Rank | Team | Rating
1. frc254 448
2. frc1519 421
3. frc225 388
4. frc1678 381
5. frc195 373
6. frc2481 368
7. frc118 364
8. frc987 345
9. frc2056 344
10. frc359 340
11. frc1023 336
12. frc1241 333
13. frc1114 333
14. frc525 329
15. frc148 327
16. frc1986 325
17. frc330 323
18. frc67 321
19. frc133 312
20. frc2767 310
21. frc33 306
22. frc3310 300
23. frc16 299
24. frc1806 299
25. frc4564 295
26. frc1501 292
27. frc125 290
28. frc3238 284
29. frc5172 278
30. frc971 278
31. frc368 276
32. frc494 275
33. frc5254 270
34. frc2122 269
35. frc2771 268
36. frc3130 267
37. frc1619 266
38. frc1024 266
39. frc4334 264
40. frc4469 263
41. frc3683 263
42. frc2974 262
43. frc179 259
44. frc3314 259
45. frc27 259
46. frc3230 256
47. frc1540 254
48. frc1318 254
49. frc1983 254
50. frc3990 253
51. frc3339 253
52. frc126 249
53. frc2451 247
54. frc107 245
55. frc1730 245
56. frc3604 244
57. frc2067 243
58. frc3824 243
59. frc2468 243
60. frc233 242
61. frc2590 242
62. frc4103 239
63. frc180 238
64. frc1918 237
65. frc973 236
66. frc1418 236
67. frc4488 236
68. frc25 236
69. frc3688 235
70. frc5050 235
71. frc70 234
72. frc2883 232
73. frc1261 232
74. frc2848 232
75. frc341 229
76. frc1296 228
77. frc1746 227
78. frc177 227
79. frc868 226
80. frc4039 226
81. frc3937 226
82. frc744 225
83. frc1717 222
84. frc2614 222
85. frc4188 221
86. frc85 220
87. frc2137 220
88. frc3309 219
89. frc217 219
90. frc1065 219
91. frc1425 218
92. frc4967 218
93. frc836 218
94. frc1126 217
95. frc1836 216
96. frc2471 216
97. frc3255 215
98. frc2338 215
99. frc231 214
100. frc4003 214


I will try to post the source code and some of the research I used to develop this system at some point after finals.
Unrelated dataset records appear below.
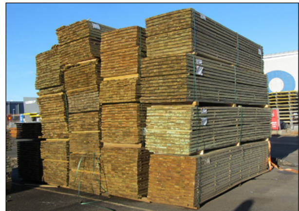
Mynd 2. Stæða af gagnvörðu efni
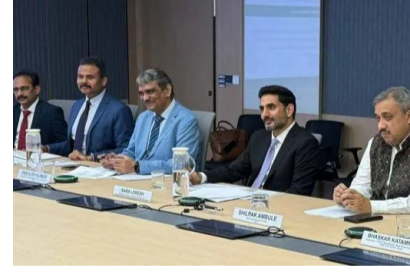
సింగపూర్/అమరావతి, మే 11: సింగపూర్ లో విద్య, ఐటీ శాఖల మంత్రి నారా లోకేశ్ పర్యటన కొనసాగుతోంది. సింగపూర్ లో జాయింట్ ఇన్వెస్ట్ మెంట్ ఫండ్ స్కీం కమిటీ సమావేశంలో మంత్రి పాల్గొన్నారు. ఈ సందర్భంగా అమరావతిలో వుంగోల్ తరహా ఇంటిగ్రేటెడ్ టౌన్ షిప్ నిర్మించనున్నట్లు తెలిపారు. భారత దేశంలో ముఖ్యమంత్రి నారా చంద్రబాబు నాయుడు కర్నూలు పర్యటన సందర్భంగా ఇచ్చిన హామీని నెరవేరుస్తూ.. సుమారు 6 కోట్ల రూపాయల వ్యయంతో ఈ విస్తరణ పనులను చేపట్టారు. ఈ సందర్భంగా మంత్రి లోకేశ్ మాట్లాడుతూ.. 'రైతులకు, వినియోగదారులకు మెరుగైన వసతులు కల్పించడమే ప్రభుత్వ దృష్టిలో మైన్ పాయింట్. ఇన్వెస్ట్ మెంట్ ఫండ్ స్కీం, ఇన్ఫ్రాస్ట్రక్చర్, పన్ను తెలిపారు.

సింగపూర్ లో ఫున్ స్కాగ్ తం. సింగపూర్ చేరుకున్న మంత్రి నారా లోకేశ్ కు ప్రవాసాంధ్రులు స్వాగతం పలికారు. రాయల్ ఎన్ ఫోర్స్ కంపెనీని రాష్ట్రానికి తీసుకురావడంపై మంత్రికి ప్రవాసాంధ్రులు ధన్యవాదాలు తెలిపారు. ప్రవాసాంధ్రులను ఉద్దేశించి లోకేశ్ మాట్లాడుతూ.. 'మీరంతా రాష్ట్రానికి బ్రాండ్ అంబాసిడర్లుగా మారాలి. మీరు పనిచేస్తున్న కంపెనీల్లో ఆంధ్రప్రదేశ్ లో జరుగుతున్న అభివృద్ధి, పన్ను తెలిపారు.
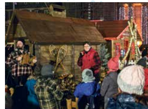
Un jour, un conte

L'association vous présente ses activités, recrute des bénévoles et collecte des fonds pour financer ses actions. Le Chalet de la solidarité, place Georges-Corbis - côté patinoire, de 10 h à 20 h
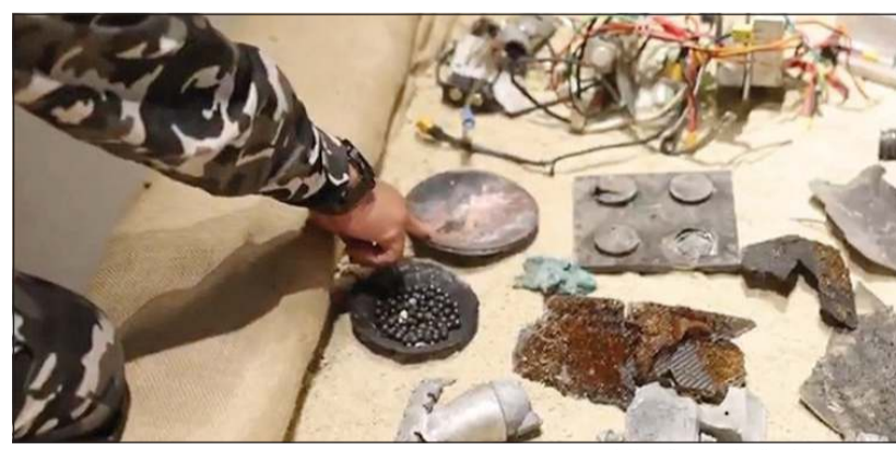
جانب من مخلفات التعامل مع الشظايا

وأضاف وكيل الوزارة وفق البيان «أن ما يشهده العمل الميداني حالياً من تنسيق واتساجم بين الجيش الكويتي ووزارة الداخلية والحرس الوطني» يعكس مستوى متقدماً من الكفاءة والجاهزية ويجسد تكاملاً فعالاً في الأداء وتوحيداً للجهود في مواجهة التحديات. وأعرب عن شكره وتقديره لكافة منتسبي الجهات العسكرية والأمنية على ما يبذلونه من جهود مخلصة وعطاء مستمر في خدمة الوطن.
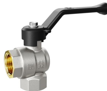
Модель LD Pride 47.15.B-B.Y.P LD Pride 47.20.B-B.Y.P LD Pride 47.25.B-B.Y.P
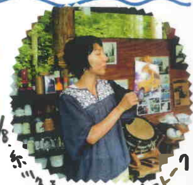
8/8、糸川家のアメリカ子育て

起暑が来た。 この夏休みに 来訪された方、 なんと、70人余り。 忙しかったやー!
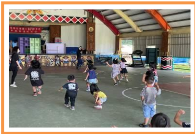
規則性遊戲-123 木頭人
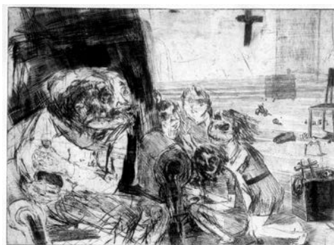
Susanne Theumer: Der Malzzucker

Für eine geplante Ausstellung „Graf und die bildenden Künste“ für die
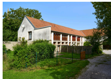
Vue sud des bâtiments agricoles, prise depuis la cour.

IVR32_20238000539NUCA
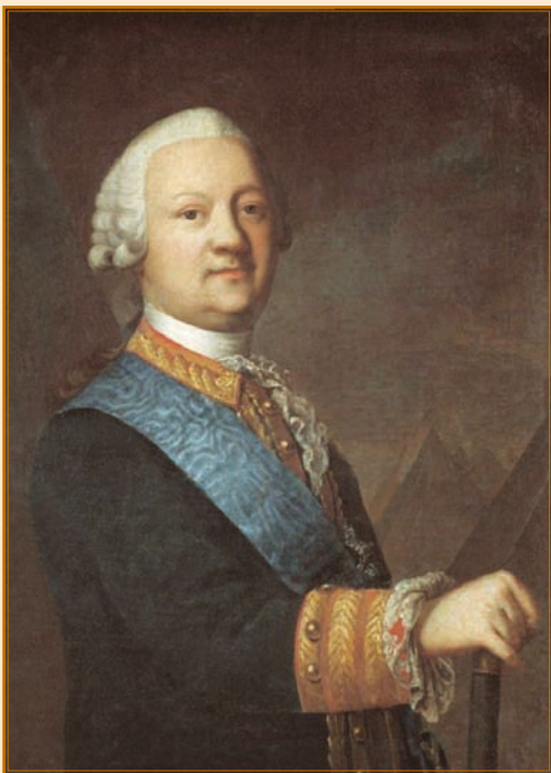
Портрет графа П. И. Панина. Не позднее 1767.

Кутузов блестяще проявил себя в этих сражениях. Как офицер генерального штаба, он сам вел разведку, дотошно изучал расположение войск неприятеля, составлял планы действий своего корпуса, был первым там, где назревала опасность. При Кагуле он вместе с подполковником графом Воронцовым преследовал неприятеля на «великое расстояние».
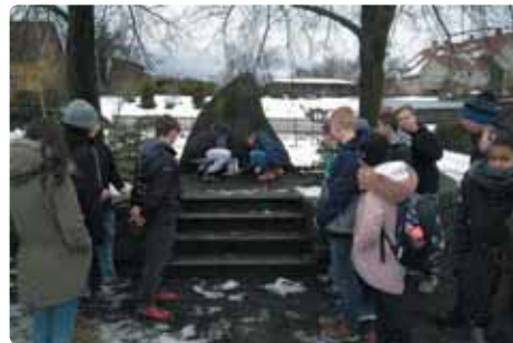
Žáci základní školy si ve středu 16. ledna připomněli památku Jana Palacha.
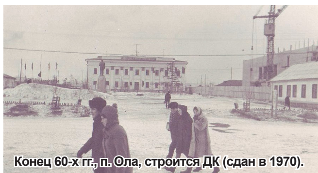
Конец 60-х гг., п. Ола, строится ДК (сдан в 1970).
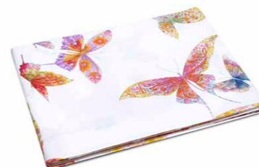
LENZUOLO SOPRA MATRIMONIALE FONDO BIANCO cm 240 x 280, PERCALLE.
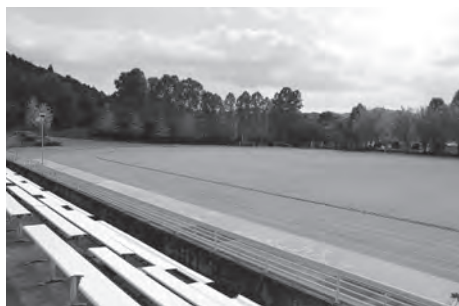
鹿沼運動公園(キョクトウバリースタジアム)の陸上競技場
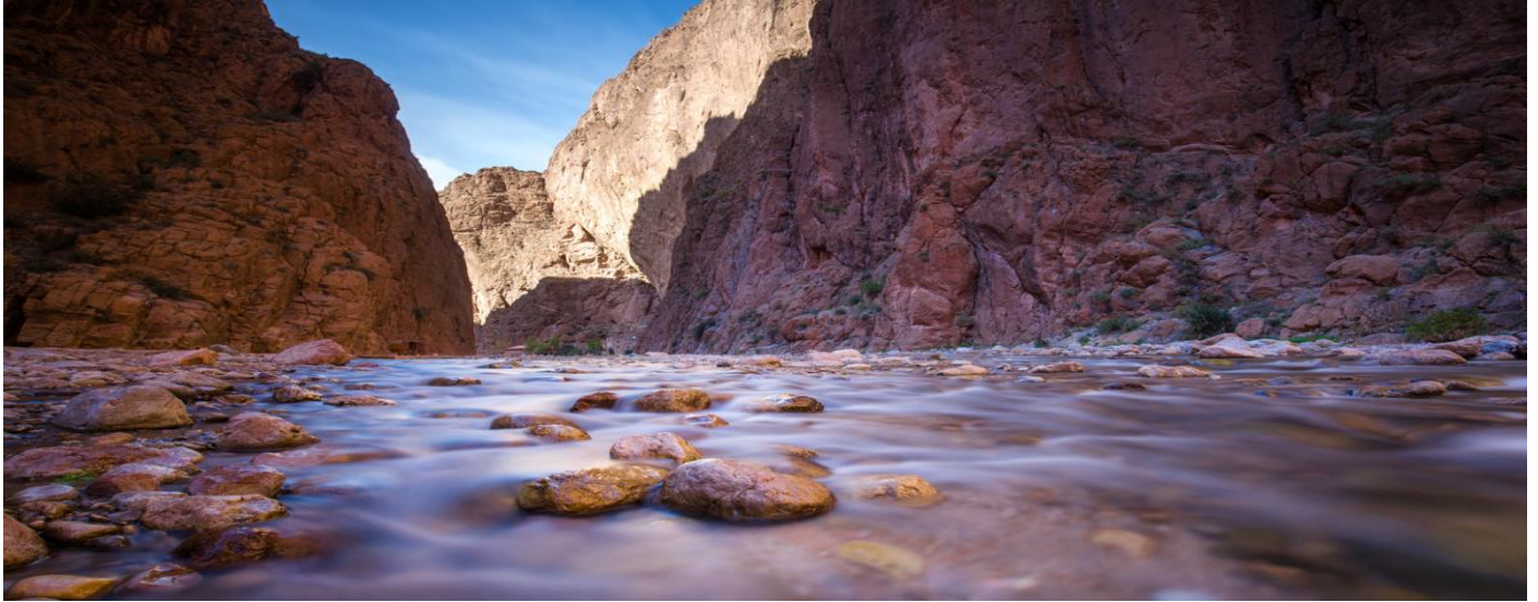
GARGANTAS DEL TODRA

un pasado esplendor. Tour de orientación con visita a la Kasbah Taourirt (entrada incluida) . Llegada al Riad Kasbah Ksar Ighnda , cena incluida y alojamiento.
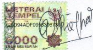
ARIA VERMISA 18587/2010

Padang, 26 Januari 2015 Saya yang menyatakan
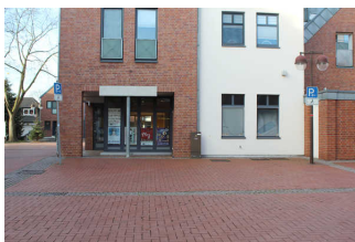
Parkplatz für Menschen mit Behinderung

Es ist ein allgemeiner Parkplatz vorhanden.
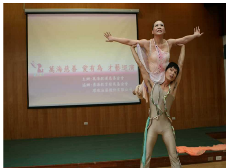
◆ 身障表演者在台上發光發熱

基金會持續關心極光打擊樂團、鳥與水舞集、廣青合唱團等由身障者組成的表演團體在舞台上發光發熱，也支持如：智障者才藝大賽、身障者巡迴影展等活動，讓身心障礙者的才能得以被肯定。更於今年度舉辦「愛有為」第一屆身障才藝大賽，發掘感動人心的表演，除提供獎金鼓勵身障表演者，亦安排一系列至學校、監所的演出，散發正向的人生態度。
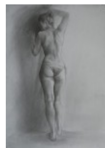
Rys. 3 Niścior
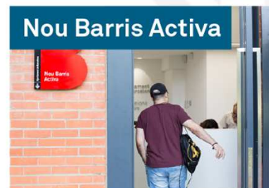
Nou Barris Activa
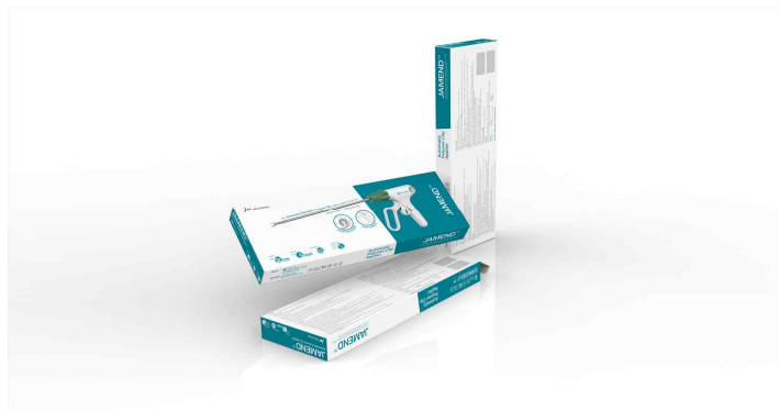
오토 클립 어플라이어 (패키지/팜플렛디자인)
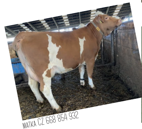
MATKA CZ 668 854 932
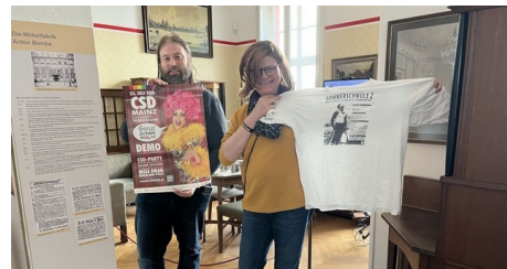
Schwuguntia übergibt Stadthistorischem Museum Mainz Ausstellungsstücke aus über 30 Jahren CSD Mainz
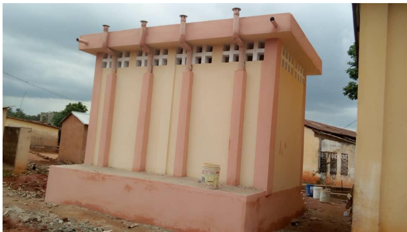
Une latrine vue de derrière avec des cheminées d'aération

La mise à disposition d'eau potable et de blocs sanitaires, la vulgarisation et l'utilisation d'infrastructures d'assainissement ainsi que la promotion des comportements en matière d'hygiène permettraient d'améliorer les conditions d'apprentissage pour ces élèves.
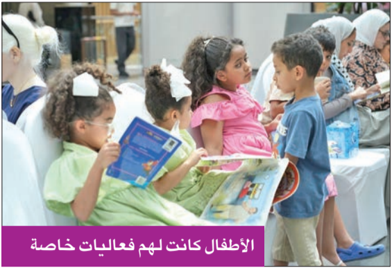
الأطفال كاث لهم فعاليات خاصة
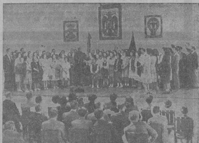
La Coral de Educación y Descanso de Valladolid, durante su audición en la Fábrica de Tabacos de La Coruña.

En los Balcanes existe una concentración de más de cincuenta divisiones—sobre todo en la región de Bulgaria y Rumania—y con ellas parece que se encuentra el general Rommel según se ha conjeturado por diversos orígenes. Se trata de una región eminentemente estratégica donde pueden actuar bien hacia Rusia Meridional o bien hacia Grecia y Mediterráneo oriental según el curso que tomen los acontecimientos.
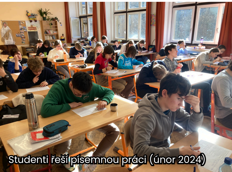
Studenti řeší písemnou práci (únor 2024)

Za všechny tyto činnosti vybíráme následující příklady a jejich fotografické ilustrace:
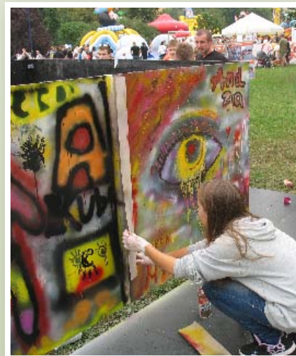
Dzieci malowały kredą na asfalcie, a młodzież przy użyciu sprayów na specjalnej ścianie
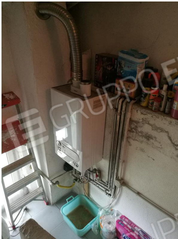
Foto 18 – PIANO PRIMO/SECONDO – particolare caldaia posta su scala interna fra appartamento e solaio.
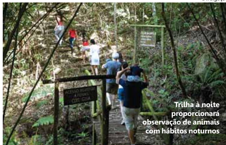
Trilha à noite proporcionará observação de animais com hábitos noturnos

90 km da capital paulista, a Fazenda Capoava é rodeada por serras e belas paisagens. No ano de 2000 a parte histórica da propriedade foi transformada em hotel, distribuído em meio a cinco grandes lagos. Hoje a fazenda faz parte da Associação
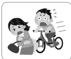
自転車による事故
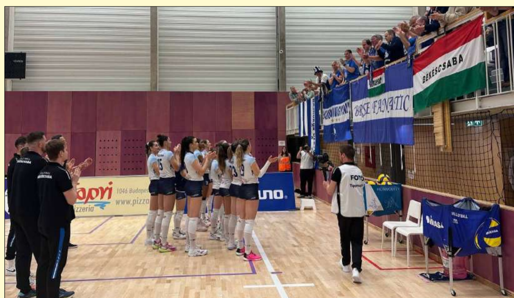
Bár idegenben volt a mérkőzés, a lányokat most is népes szurkológárda kísérte el

be, 3:0-ra győzött és ugyanilyen arányban nyerte meg a bronzcsatát.
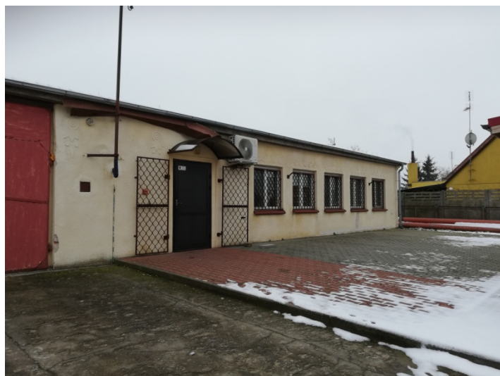
Zdjęcie nr 8 – Sala wiejska

W Owieczkach centralnym punktem jest sala wiejska i teren obok niej, na którym znajduje się plac zabaw (2022 rok), boisko sportowe. Są to miejsca sprzyjające rekreacji mieszkańców. To właśnie w tym miejscu odbywają się najważniejsze wydarzenia i imprezy sołeckie.
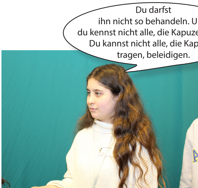
Das Mädchen erklärt, dass der Bub diskriminiert wurde und mit seiner Idee nicht gut umgegangen wurde.
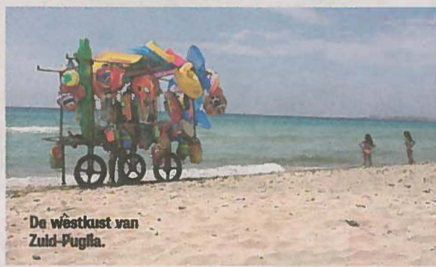
De westkust van Zuid-Puglia.

Extra reglokorting tot wel €50 p.p. bij vertrek vanaf Eindhoven, Maastricht, Rotterdam of Groningen
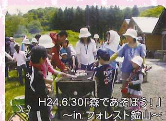
H24.6.30「森であるほう!」 ～in フォレスト鉱山～
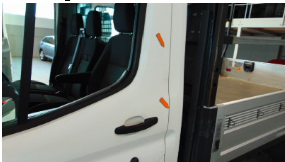
Abbildung 3: Siehe Pos.2
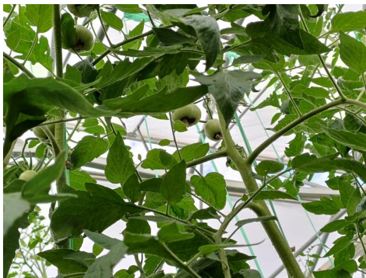
Slika 27. Pojava plamenjače na plodu rajčice.

Tijekom proizvodnog ciklusa i to pred sam početak zriobe plodova pojavila se plamenjača. Sukladno, obavljeno je jedno tretiranje s Polyram-om u dozi od 100 g na 400 kvadrata.
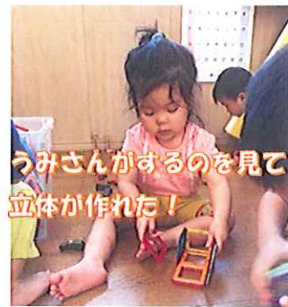
うみさんがするのを見て立体が作れた！
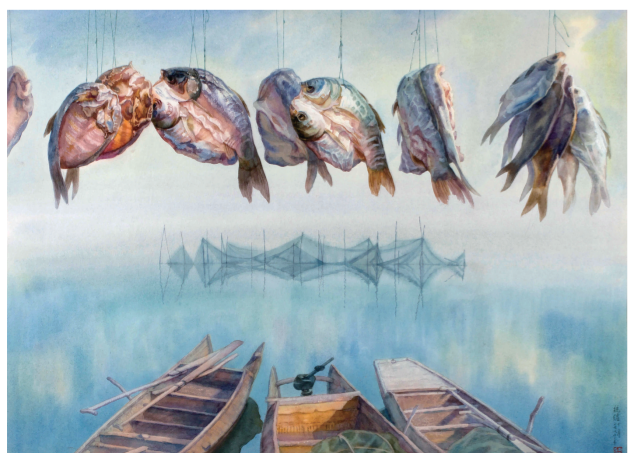
腊月(水彩) 65.5厘米×92厘米 1994年 白统绪 湖北美术馆藏
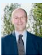
Giancarlo Lago Assessore alla Cultura e Istruzione
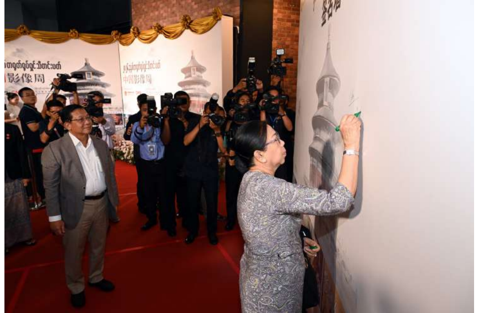
Daw Kyu Kyu Hla puts on her signature in commemoration of launching the 2026 China Film Week.

Nay Pyi Taw June 8 To mark the 76 th Anniversary of the establishment of the diplomatic relations between China and Myanmar, the "2026 China Film Week" was opened at J Cineplex of Ottarathiri Department Store in Nay Pyi Taw yesterday afternoon, attended by President of the Republic of the Union of Myanmar U Min Aung Hlaing and wife Daw Kyu Kyu Hla. Also present at the ceremony were Vice President Daw Nan Ni Ni Aye, Pyithu Hluttaw Speaker U Khin Yi
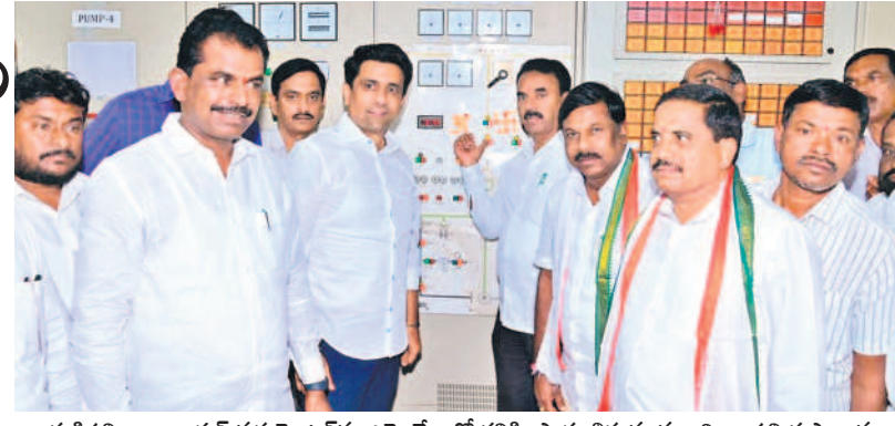
గుడిపల్లి రిజర్వాయర్ వద్ద మోటర్లను ఎమ్మెల్యేలతో కలిసి ప్రారంభిస్తున్న మంత్రి జూపల్లి కృష్ణారావు

వంశం చేసేలా పర్యటన తీసుకున్నట్లు మంత్రి తెలిపారు. ఉమ్మడి జిల్లాల ప్రాజెక్టులను పూర్తి చేసేందుకు ముఖ్యమంత్రి కృతనిశ్చయంతో ఉన్నారన్నారు. అనంతరం కృష్ణయ్యకు పూలతో స్వాగతం పలికారు. అంతకు ముందు ఇంజనీరింగ్ అధికారులతో మంత్రి సమావేశం చేసి బిడ్డే విషేన తెలిపారు.
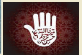
Simbol-Simbol Agama Syiah

EDIT: Here (https://gist.github.com/CarlColglazier/0d09855e5d39003807d34bf0e86f06c9) are the full rankings if anyone is interested.

wjordan
22-04-2016, 19:13
Someone pointed out an error in the script I posted, which made the ratings slightly incorrect. I fixed the error and updated the rankings in the OP.

As for predictive power, this set of rankings had a Brier score of 0.155.

Richard Wallace
22-04-2016, 19:16
...ratings are based on the history of each team dating back to 2002 ...

83. frc1717 222

...

I can see at least one reason that "past performance does not guarantee future results", as the investment prospectus always says.